Type declarations are not yet included in this package. For TypeScript projects, suppress the import error with:

// @ts-ignore
import { ParticleSystem, initWebGPU } from 'hz-particles';
// @ts-ignore
import { HZParticlesFX } from 'hz-particles/r3f';

Community-contributed type definitions are welcome via PR.

Secondary Exports

The following modules are also exported for advanced usage:

  • ParticleEmitter — Emission shape configuration (sphere, cube, cylinder, circle, square)
  • ParticlePhysics — Physics simulation parameter management
  • ParticleTextureManager — Texture loading utilities
  • Objects3DManager — 3D object scene management
  • saveScene(manager) — Export scene as JSON file download
  • loadScene(event) — Load scene from file input event
  • extractGLBTexture(arrayBuffer) — Extract base color texture from GLB file
  • Shader exports — WGSL shader code for compute and rendering pipelines
  • Geometry helpers — Primitive shape generators (cube, sphere, etc.)
  • Render pipeline creators — Low-level WebGPU pipeline construction

Online Editor

Try the interactive particle editor at http://localhost:8110/editor when running the Docker container (docker-compose up from the repository root).

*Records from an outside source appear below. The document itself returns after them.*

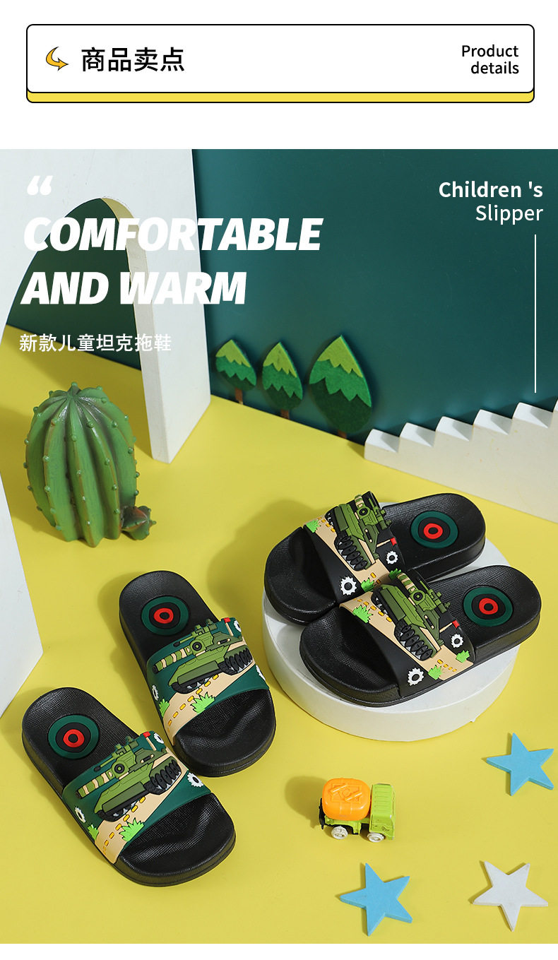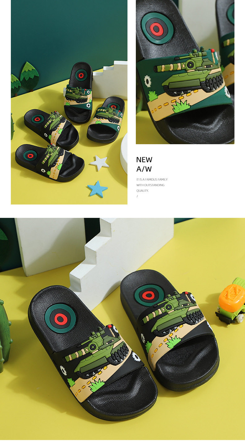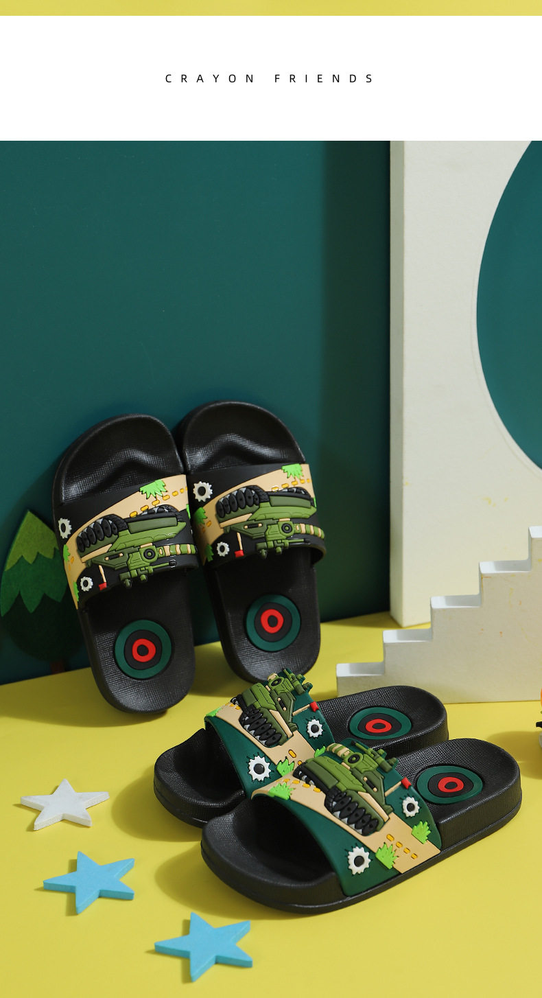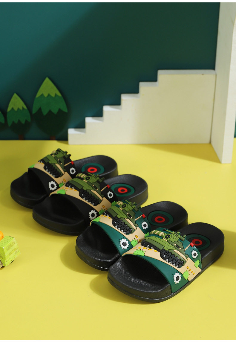 Детский танк, нескользящие мультяшные детские тапочки для мальчиков для ванны, мягкая подошва, подходит для подростков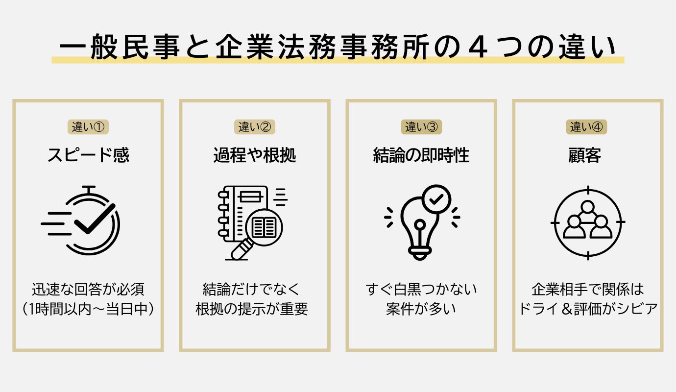 一般民事と企業法務は、4つの面で違いがあります。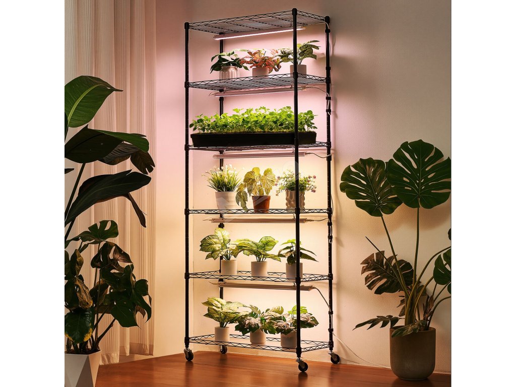 Tento víceúrovňový stojan na rostliny se zabudovaným osvětlením je ideální pro pěstování v interiéru. Nabízí dostatek prostoru pro uložení všech vašich rostlin a vytvoření mini zahrádky přímo u vás doma.
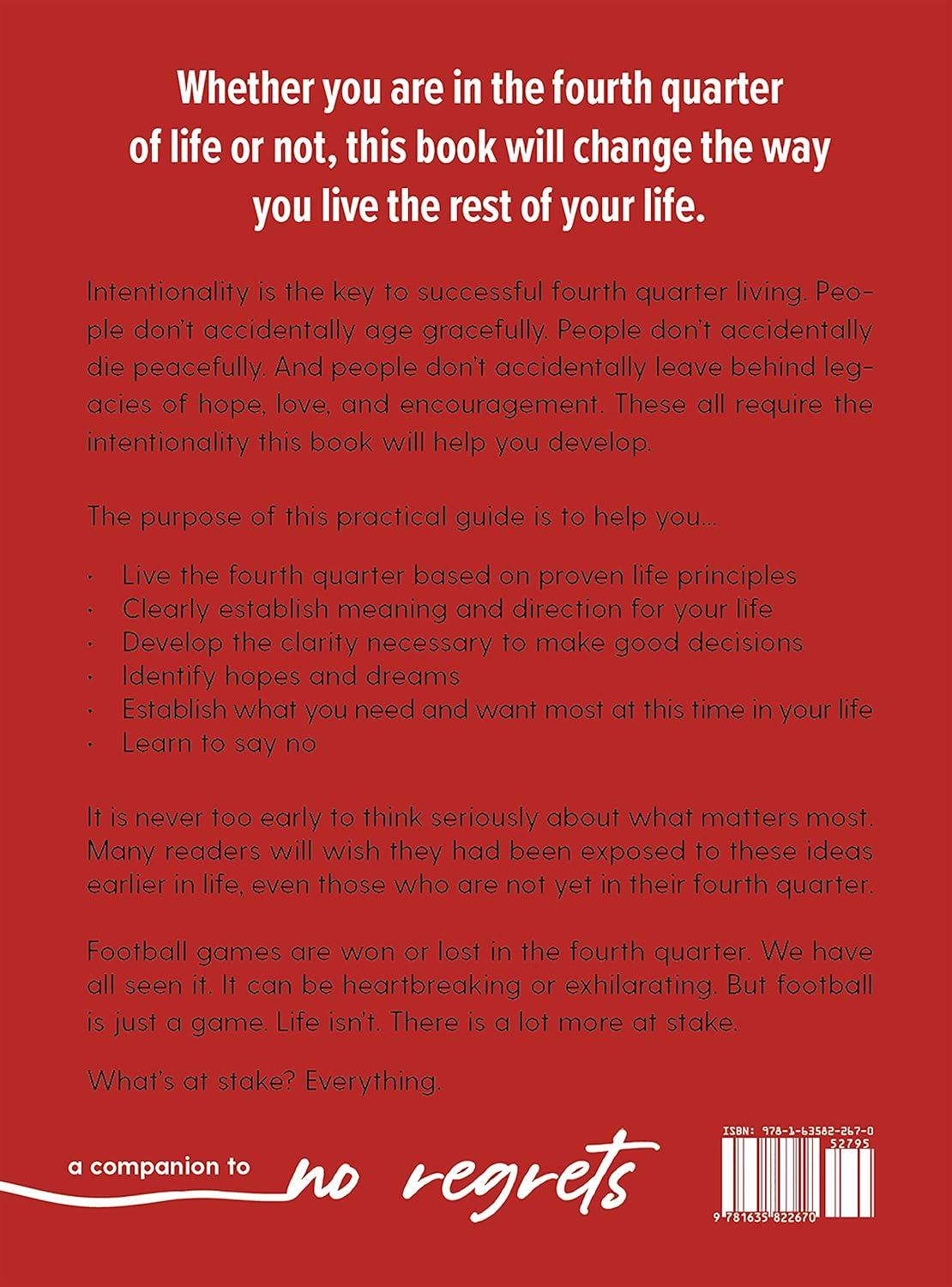 Live the fourth quarter based on proven life principlesClearly establish meaning and direction for your lifeDevelop the clarity necessary to make good decisionsIdentify hopes and dreamsEstablish what you need and want most at this time in your lifeLearn to say no It is never too early to think seriously about what matters most. Many readers will wish they had been exposed to these ideas earlier in life, even those who are not yet in their fourth quarter.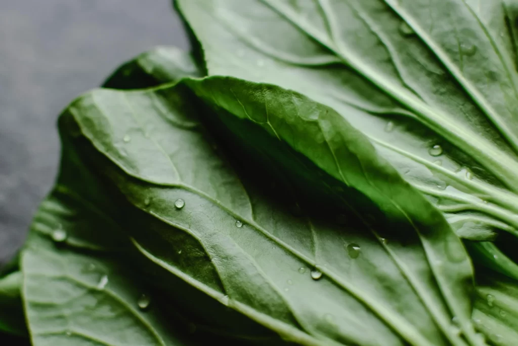 Folhas verdes, como espinafre, couve e alface, são alimentos supernutritivos para a pele. Elas são carregadas de vitamina A, que ajuda na renovação celular e na produção de colágeno. Elas também são ricas em antioxidantes, ferro e magnésio, fundamentais para manter a pele saudável e sem inflamações.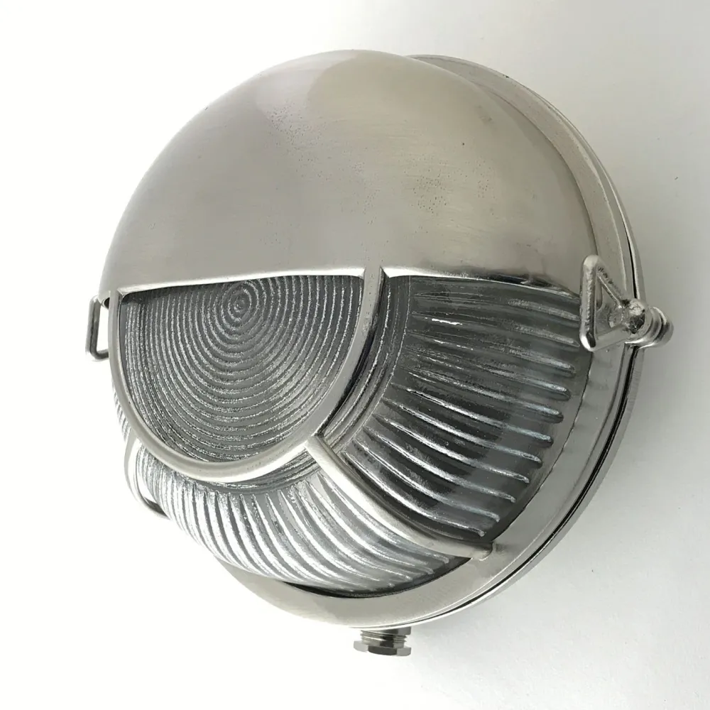 Maritime Außenwandleuchte aus massivem Messing und satiniertem Glas in Nickel matt: ideal als Haustür Lampe, Terrassenbeleuchtung, Balkonlampe, Carport Beleuchtung und Garagenlampe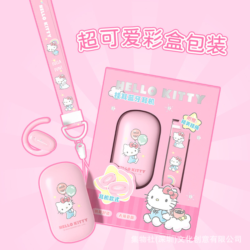 Sanrio HelloKitty Keren Lomi Headphone Bluetooth OWS Terbuka dengan Tali Gantung Telinga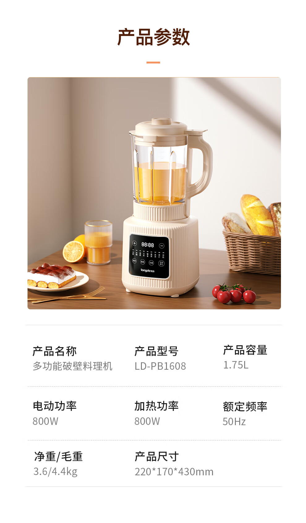【小家电】龙的longde破壁机家用大容量多功能早餐豆浆机榨果汁料理辅食机 LD-PB1608 HF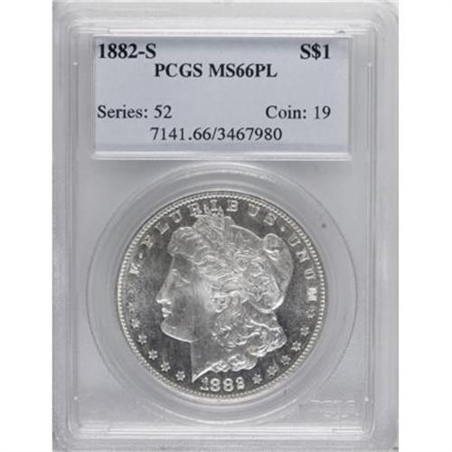 <B>1882-S $1 MS66 Prooflike PCGS.</B></I> PCGS Population (63/4). NGC Census: (159/15). Numismedia Wsl. Price for NGC/PCGS coin in MS66: $525. (#7141)<BR><I>From The Diamond Head Registry Set of Prooflike Dollars.</B></I><BR><BR><B>Coin Engraver:</B> George T. Morgan<BR><BR><b>Shipping:</b> Coins & Currency (<a target="_blank" href="http://www.heritageauctions.com/common/shipping.php">view shipping information</a>\)

The editor provides a visual interface for:

  • Real-time particle system configuration
  • Emitter shape selection and tuning
  • GLB model import and animation control
  • Scene preset library
  • Export/import scene JSON

Contributing

Contributions are welcome! Please follow these steps:

  1. Fork the repository
  2. Create a feature branch (git checkout -b feature/amazing-feature)
  3. Commit your changes (git commit -m 'Add amazing feature')
  4. Push to the branch (git push origin feature/amazing-feature)
  5. Open a Pull Request

License

MIT License - see LICENSE file for details.